Lisp – wow, that’s a weird feeling.

October 25, 2008

I’ve been holed up in my office lately, teaching myself Common Lisp for an upcoming part of my Ph.D, and I have to tell ya, it’s a weird feeling to write code in Lisp.  I read through Peter Seibel’s great online book Practical Common Lisp, which is an absolutely brilliant resource for first time Lispers, especially those coming from other languages.  (I will admit to a bit of irony, though:  I downloaded the book and wrote a Python script to HTMLize the footnotes into links so that I could jump back and forth without having to continually figure out where the hell I had been when I went to read that note).

In any case, I just finished my first “real” program in Lisp – real in that it was done entirely on my own and required more than 5 lines of code, though the problem I “solved” was an imaginary one.  It’s one of those throwaway efforts to acquaint yourself with a new way of thinking.  I went into it thinking that Lisp was overblown, one of those things that people looked back on fondly with rose-colored glasses while muttering about how “real programmers used to do it”, but by the time I was finished writing the thing, I found that I was actually enjoying myself.  I can’t even explain why, but by the end of writing the program, I was actively looking for new ways to extend the idea so that I could keep writing code!  And now, I find myself looking forward to my next program in Lisp, a far cry from where I started.

(If you’re wondering what I was writing, it’s kind of embarassing, but here it is:  I wrote a program to quantify the cost to typing words on a keyboard from the perspective of a single-finger, one-handed typist.  The “cost” is distance – i.e. how far would the finger have to travel – defined by adjacent keys, so that ‘T’ and ‘E’ are two units apart (‘T’ -> ‘R’ -> ‘E’).  I did this using cl-graph to map the keys onto a graph, and wrote an implementation of Djikstra’s algorithm to calculate the distances between key pairs.  I could then calculate the distance between each pair of letters in a word and sum the distances to get the total cost, which I then averaged over the length of the word so that the penalty for long words was minimized.  After that, it was a snap to write a couple of functions to do things like take in a word list and write out each word with its associated cost, or to get the total cost of a string.  See?  Told you it was trivial. 🙂 )

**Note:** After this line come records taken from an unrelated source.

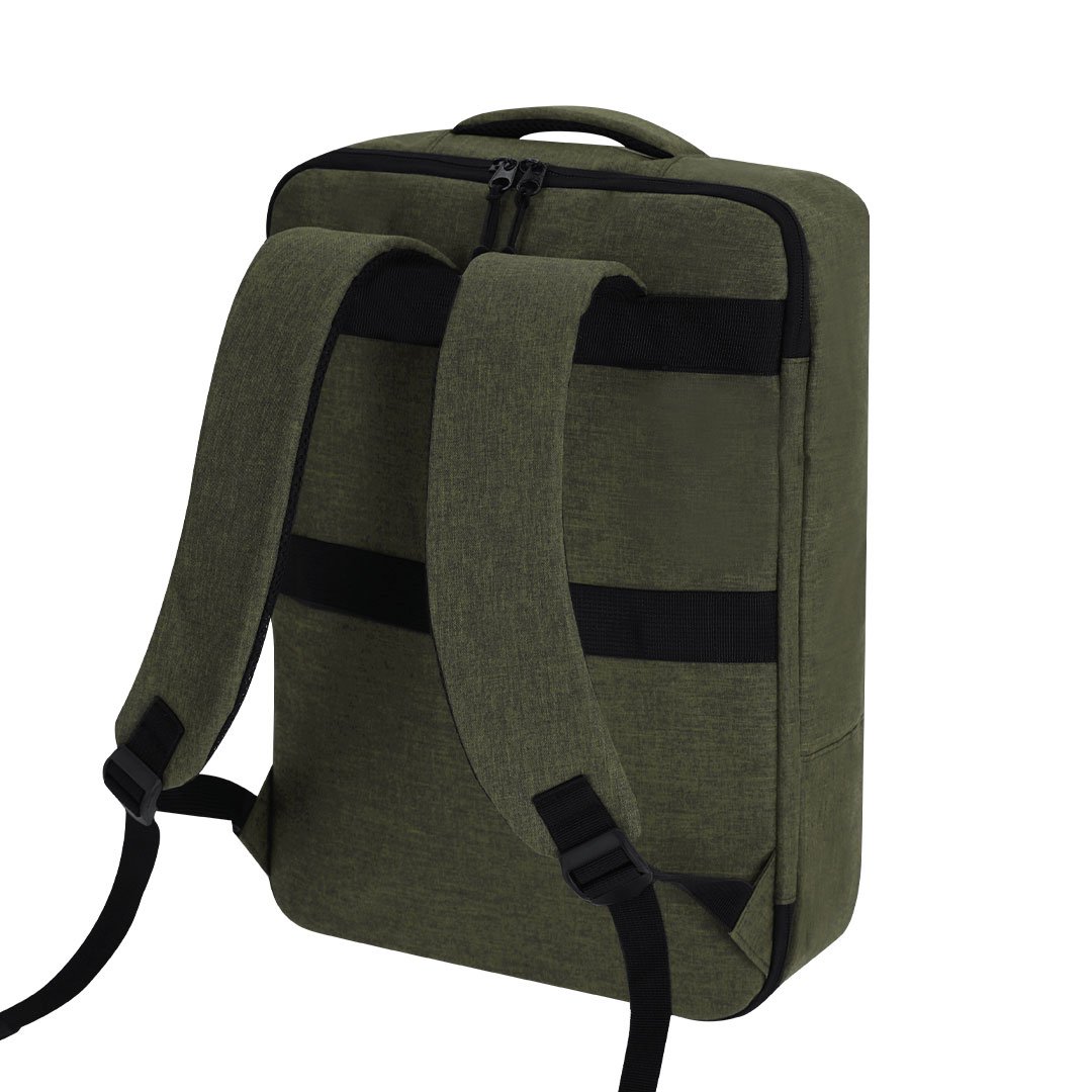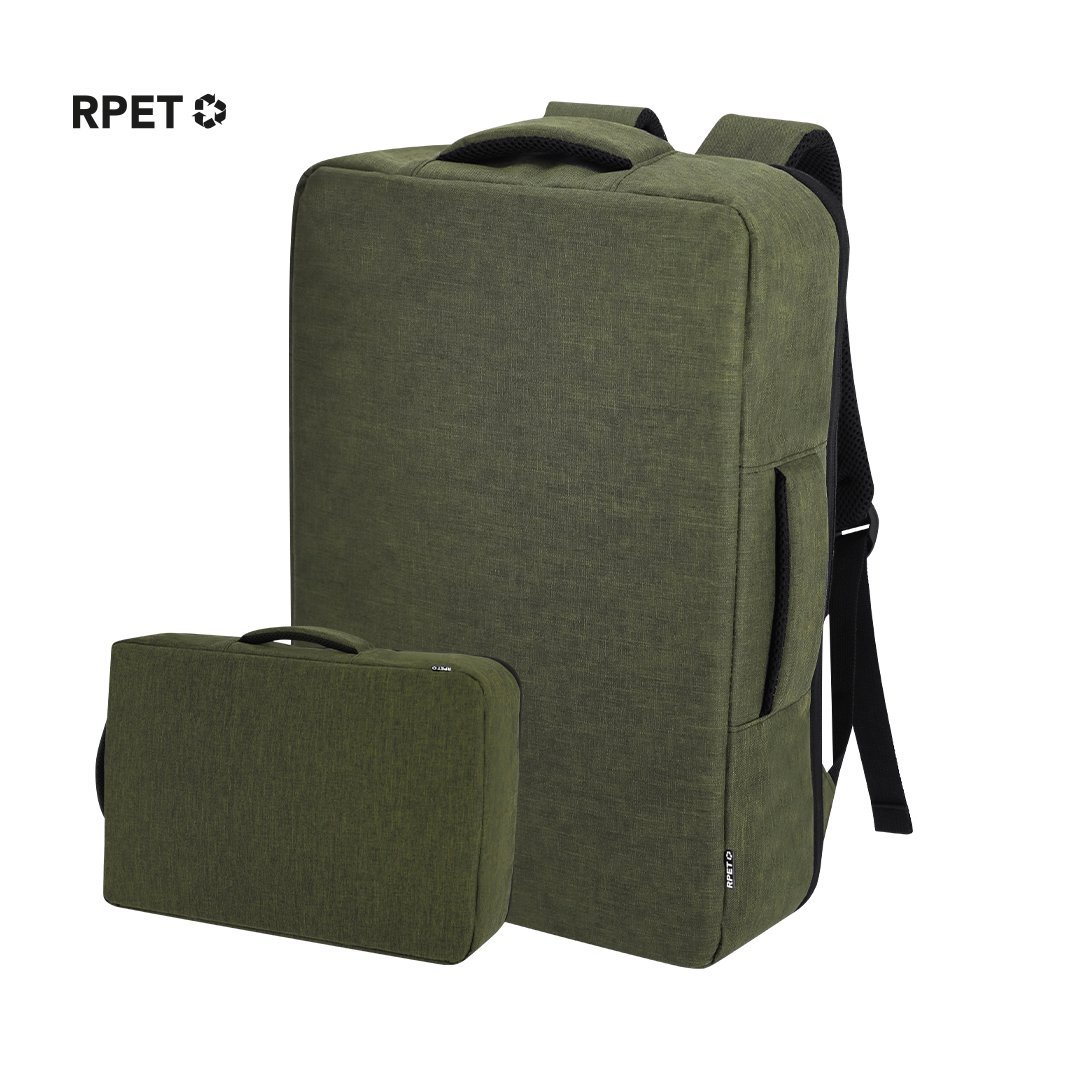 Mochila portadocumentos confeccionada en resistente RPET 300D. Presenta un diseño urbano que incorpora un bolsillo principal con cierre de cremallera oculta para mayor protección, de doble tirador. Con interior acolchado para portátil de hasta 15 pulgadas, bolsillos adicionales en el interior para pequeños objetos. Sus cintas de hombros y la espalda están acolchadas y son ajustables para mayor comodidad. Ofrece tres modalidades de transporte: como mochila, gracias a las tiras de hombros colchadas; como portadocumentos, gracias a su asa de transporte; y cinta para trolley. El material RPET se elabora a partir de plástico reciclado, para así fomentar la reutilización de residuos plásticos y ayudar a la sostenibilidad del planeta.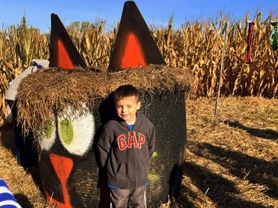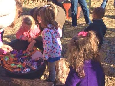 Each child got a chance to pick out a prize from the “cauldron” at the “Witch’s House,” and then we hopped on the wagon for a hayride to the “Fall Fun Field.” Fall Fun? That means picking a pumpkin and enjoying an apple cider doughnut.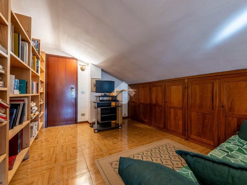 La proprietà ha ottimizzato al meglio gli spazi, realizzando pratiche armadiature a muro che rendono l’abitazione funzionale.

New parallel programming tool in Python 2.6

October 3, 2008

For some reason or another, I’m getting a lot of long-term hits to this post that I wrote a few months ago on parallel programming with Python.  Thus, I thought I might share the news with people who have been looking for solutions to this problem:  Python 2.6, which was just released, contains a new multiprocessing library which at first glance seems to formalize the procedure I outlined in my previous post and make it more robust.  From the description:

multiprocessing is a package that supports spawning processes using an API similar to the threading module. The multiprocessing package offers both local and remote concurrency, effectively side-stepping the Global Interpreter Lock by using subprocesses instead of threads. Due to this, the multiprocessing module allows the programmer to fully leverage multiple processors on a given machine. It runs on both Unix and Windows.

If you’re interested in that, go grab 2.6 and check out the documentation for the package here!


Python and parallel programming: a nice step forward.

June 7, 2008

Via jessenoller.com, I note that after I posted my little discussion on parallel programming in Python a PEP (Python Enhancement Proposal) was accepted for the addition of the “multiprocessing” package to the Python standard library. I have to say, given the amount of parallel code that I’m going to be fiddling with over the next little while, I’m definitely excited about this one!


Python and parallel programming.

May 31, 2008

Just fork(), they say.

For those of you not in the know, the Python has had a long-running debate over what’s known as the Global Interpreter Lock. I say “debate”, though from what I can see it usually -aside from the odd serious debate – amounts to newbies popping up and saying “why can’t I multi-thread properly on multi-core systems”, and the veterans telling them the way things are. The argument usually goes: multi-threading is how I’m supposed to take advantage of multi-cores. Not around here, replies the Python community; around here, we use the tried and tested methods like forking child processes.

So, I’ve been reading about this for a while, but yesterday was the first time that I’ve actually run across it in my own work. I’ve been writing a genetic algorithm for some modeling that I’m involved in, and with the recent construction of frankenputer, I’ve finally run into the need to parallelize my code to get some speed ups. I wrote this GA in python because a). I’ve come to loathe C++, and b). it’s just so damned easy to code in. Thus, I needed to parallelize a GA written in Python. Thankfully, genetic algorithms are embarrassingly parallel, so I didn’t need too much in the way of inter-process communication, but here was where I ran into a few bumps. For the veterans, my troubles are going to seem incredibly banal, but for other newbies, I thought that I might document my steps.

First: why not threads? If you don’t know, the Global Interpreter Lock (which applies to the C implementation of Python for sure; I’m not sure if other implementations have a GIL or not) is essentially a limit which means that for every instance of the Python interpreter, only one thread is in the driving seat at a time, so running multiple threads at once does nothing to boost speed even on multi-core systems. Thanks to the GIL, the only way to utilize multiple processors is to spawn multiple interpreters, because each interpreter has its own GIL and the processes will run separately.

At least on Unix-like systems (e.g. Linux, OS X, etc), one of the recommended ways to handle this is to create child processes with fork(); the parent processes acts as a bookkeeper, while the child processes do the work.

The general form of it is this:

def child():
    # Actions to be completed in the child process go here.

def parent():
    # Actions to be completed in the parent process go here.

....

# In the main section of your code:
newpid = os.fork()

if newpid == 0:
    child()
else:
    parent()

Why does this work? It takes a bit of a mental adjustment to understand. (Note: because fork() is a Unix and look-alike OS system command, this basic paradigm will work for any programming langauge that provides an interface to the command, of which Python is only one. It just happens to be the one that I’m using).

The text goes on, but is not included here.